1. Projects are separated into _tasks_, which are folders in the filesystem. A task is either a collection of subtasks, which are themselves subdirectories in the task, or an _atomic_ task which contains no further subtasks.

2. Atomic tasks contain folders for `input` (input data for the task), `src` (source code), and `output` (where the task writes its outputs). Importantly, tasks only write to their output folders, and never read from their own outputs.

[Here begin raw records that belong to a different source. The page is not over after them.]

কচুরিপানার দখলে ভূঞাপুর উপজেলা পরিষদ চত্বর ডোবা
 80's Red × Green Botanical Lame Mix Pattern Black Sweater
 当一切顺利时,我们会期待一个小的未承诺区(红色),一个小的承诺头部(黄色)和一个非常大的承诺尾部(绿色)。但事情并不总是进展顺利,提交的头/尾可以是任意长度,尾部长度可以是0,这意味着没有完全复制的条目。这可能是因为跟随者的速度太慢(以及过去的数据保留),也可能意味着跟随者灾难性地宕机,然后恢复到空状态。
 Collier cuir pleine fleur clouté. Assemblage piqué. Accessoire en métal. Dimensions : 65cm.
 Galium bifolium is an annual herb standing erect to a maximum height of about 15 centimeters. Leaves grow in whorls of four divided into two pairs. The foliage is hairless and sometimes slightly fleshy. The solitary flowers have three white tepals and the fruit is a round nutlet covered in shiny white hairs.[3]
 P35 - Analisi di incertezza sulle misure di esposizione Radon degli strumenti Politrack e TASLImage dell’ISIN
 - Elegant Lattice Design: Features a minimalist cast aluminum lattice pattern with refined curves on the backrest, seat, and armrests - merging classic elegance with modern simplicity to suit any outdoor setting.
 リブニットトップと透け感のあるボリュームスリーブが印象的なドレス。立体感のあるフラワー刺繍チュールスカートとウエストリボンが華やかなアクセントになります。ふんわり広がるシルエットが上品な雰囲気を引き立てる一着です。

3. Tasks have an entrypoint that allows them to be run with a single command. Usually this is `make`.

## Install

Soon to be available on PyPI. Meanwhile, clone the repository, and run `poetry install`.

**Requirements:**

- Python 3.11+
- [poetry](https://python-poetry.org/)

## Usage

### Editing an existing PDP project

- Run `pdp init` from the root of a project. It creates a file called `pdp.yml`, which contains metadata about the project, and marks the project root.
- Edit the `tasks` key in the `pdp.yml` file to list all the tasks in order.
- Run `pdp init` again, to initialize the `task.yml` files within each of those tasks.
- Edit each `task.yml` to designate the entrypoint, which would be `make` for most PDP projects.
- Run `pdp run` from within a task to run that task. If in the project root, this runs all tasks.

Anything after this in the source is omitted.